(SOURCE MATERIAL)

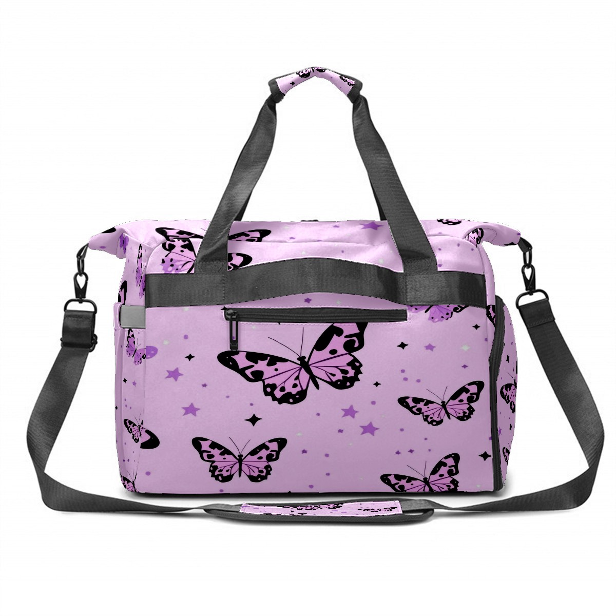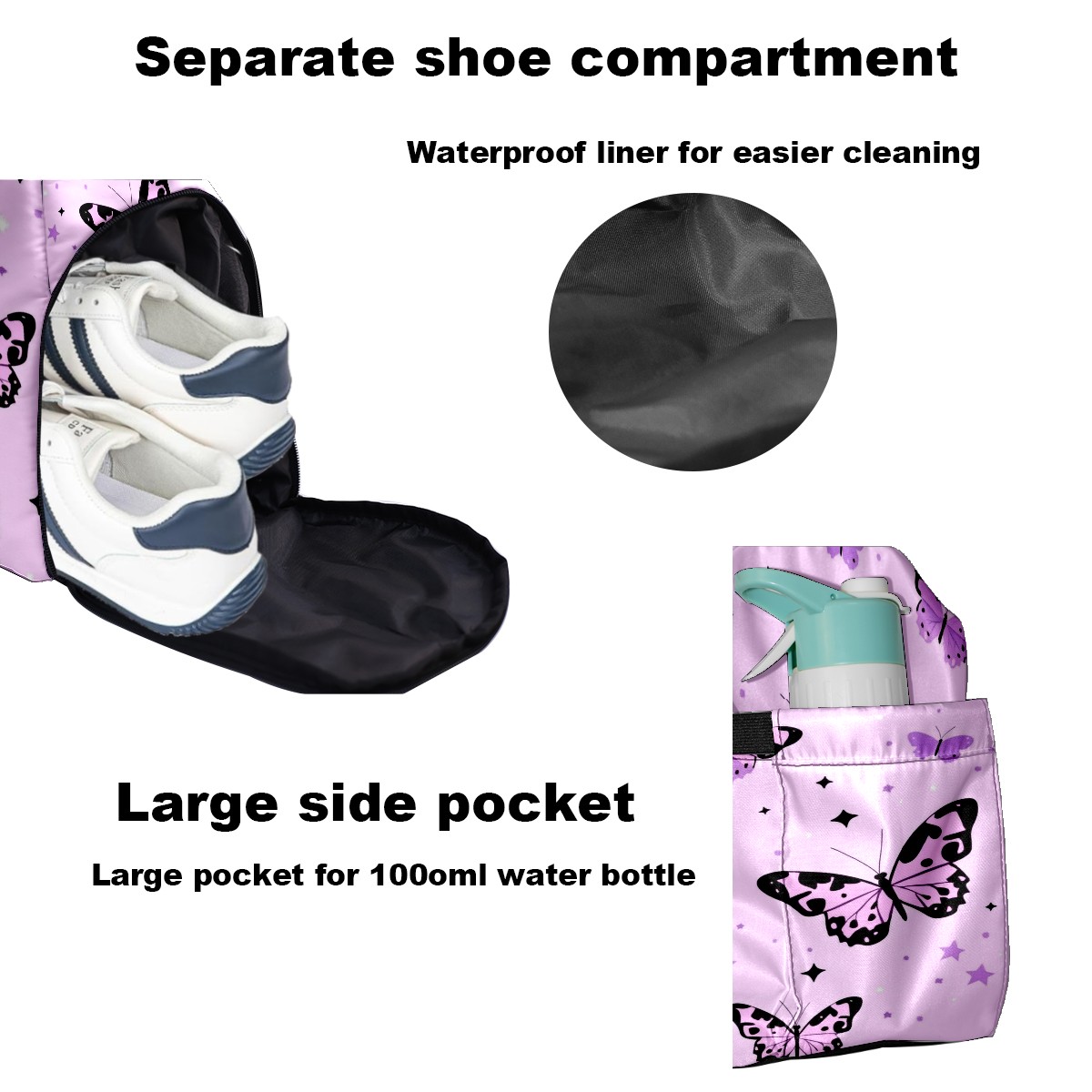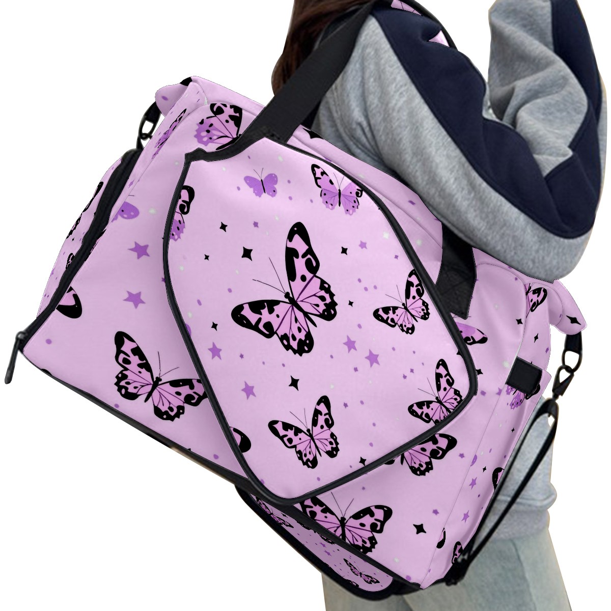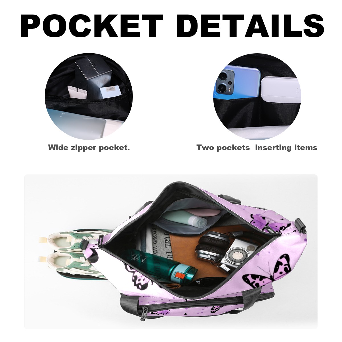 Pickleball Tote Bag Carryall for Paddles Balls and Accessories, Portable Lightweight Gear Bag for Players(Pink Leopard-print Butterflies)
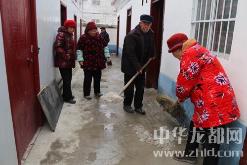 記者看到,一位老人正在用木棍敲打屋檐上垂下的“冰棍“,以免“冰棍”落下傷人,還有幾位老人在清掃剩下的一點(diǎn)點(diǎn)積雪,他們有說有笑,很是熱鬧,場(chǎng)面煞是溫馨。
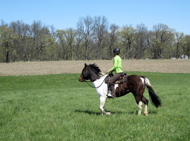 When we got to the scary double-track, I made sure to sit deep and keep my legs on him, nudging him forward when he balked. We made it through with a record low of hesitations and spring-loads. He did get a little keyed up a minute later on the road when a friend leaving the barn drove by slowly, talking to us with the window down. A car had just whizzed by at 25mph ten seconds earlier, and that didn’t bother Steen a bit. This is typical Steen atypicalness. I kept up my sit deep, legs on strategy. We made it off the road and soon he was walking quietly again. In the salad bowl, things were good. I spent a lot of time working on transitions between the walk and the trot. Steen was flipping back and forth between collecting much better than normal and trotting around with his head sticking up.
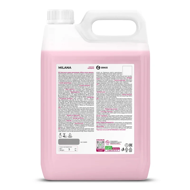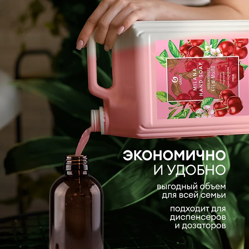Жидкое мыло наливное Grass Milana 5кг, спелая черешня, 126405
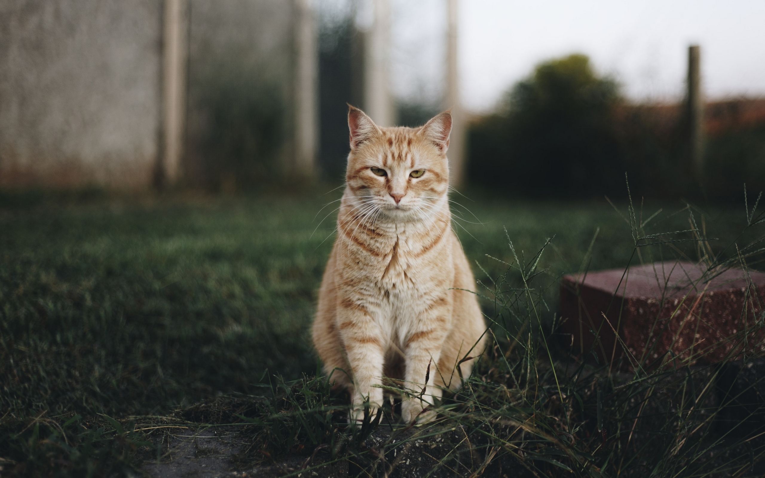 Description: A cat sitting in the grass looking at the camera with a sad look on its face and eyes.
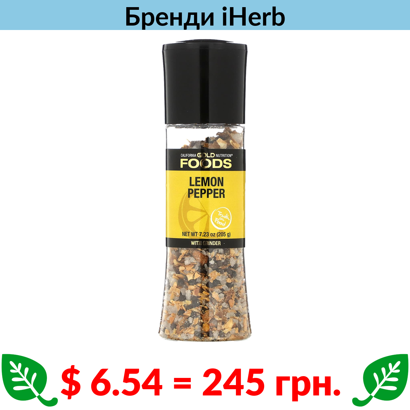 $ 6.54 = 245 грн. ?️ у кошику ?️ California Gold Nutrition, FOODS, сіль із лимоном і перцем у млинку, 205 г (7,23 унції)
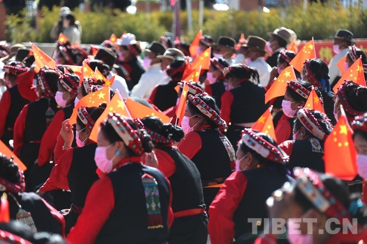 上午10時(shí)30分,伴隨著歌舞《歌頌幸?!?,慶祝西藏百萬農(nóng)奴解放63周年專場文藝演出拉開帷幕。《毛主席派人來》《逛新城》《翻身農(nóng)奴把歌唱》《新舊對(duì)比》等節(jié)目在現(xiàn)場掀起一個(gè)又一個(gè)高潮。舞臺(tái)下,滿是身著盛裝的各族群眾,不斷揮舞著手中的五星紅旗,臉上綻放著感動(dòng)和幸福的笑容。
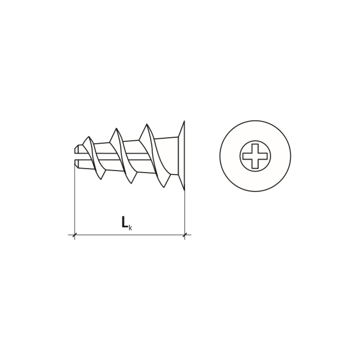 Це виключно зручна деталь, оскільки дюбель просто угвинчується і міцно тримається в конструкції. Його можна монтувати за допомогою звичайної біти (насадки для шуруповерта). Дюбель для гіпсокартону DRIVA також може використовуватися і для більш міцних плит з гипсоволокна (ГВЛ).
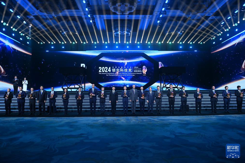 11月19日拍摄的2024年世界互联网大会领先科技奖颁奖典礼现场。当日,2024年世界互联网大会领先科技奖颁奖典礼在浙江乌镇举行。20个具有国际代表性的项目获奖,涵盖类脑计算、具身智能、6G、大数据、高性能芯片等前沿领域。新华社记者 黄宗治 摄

(End SOURCE MATERIAL)

YOUR ASSIGNMENT:
Begin at the first line of the entries above and return each line exactly, stopping after the line that contains "Це виключно зручна". Pictures do not belong in the copy.

YOUR SOLUTION:
 Pickleball Tote Bag Carryall for Paddles Balls and Accessories, Portable Lightweight Gear Bag for Players(Pink Leopard-print Butterflies)
 記者看到,一位老人正在用木棍敲打屋檐上垂下的“冰棍“,以免“冰棍”落下傷人,還有幾位老人在清掃剩下的一點(diǎn)點(diǎn)積雪,他們有說有笑,很是熱鬧,場(chǎng)面煞是溫馨。
 When we got to the scary double-track, I made sure to sit deep and keep my legs on him, nudging him forward when he balked. We made it through with a record low of hesitations and spring-loads. He did get a little keyed up a minute later on the road when a friend leaving the barn drove by slowly, talking to us with the window down. A car had just whizzed by at 25mph ten seconds earlier, and that didn’t bother Steen a bit. This is typical Steen atypicalness. I kept up my sit deep, legs on strategy. We made it off the road and soon he was walking quietly again. In the salad bowl, things were good. I spent a lot of time working on transitions between the walk and the trot. Steen was flipping back and forth between collecting much better than normal and trotting around with his head sticking up.
Жидкое мыло наливное Grass Milana 5кг, спелая черешня, 126405
 Description: A cat sitting in the grass looking at the camera with a sad look on its face and eyes.
 $ 6.54 = 245 грн. ?️ у кошику ?️ California Gold Nutrition, FOODS, сіль із лимоном і перцем у млинку, 205 г (7,23 унції)
 上午10時(shí)30分,伴隨著歌舞《歌頌幸?!?,慶祝西藏百萬農(nóng)奴解放63周年專場文藝演出拉開帷幕。《毛主席派人來》《逛新城》《翻身農(nóng)奴把歌唱》《新舊對(duì)比》等節(jié)目在現(xiàn)場掀起一個(gè)又一個(gè)高潮。舞臺(tái)下,滿是身著盛裝的各族群眾,不斷揮舞著手中的五星紅旗,臉上綻放著感動(dòng)和幸福的笑容。
 Це виключно зручна деталь, оскільки дюбель просто угвинчується і міцно тримається в конструкції. Його можна монтувати за допомогою звичайної біти (насадки для шуруповерта). Дюбель для гіпсокартону DRIVA також може використовуватися і для більш міцних плит з гипсоволокна (ГВЛ).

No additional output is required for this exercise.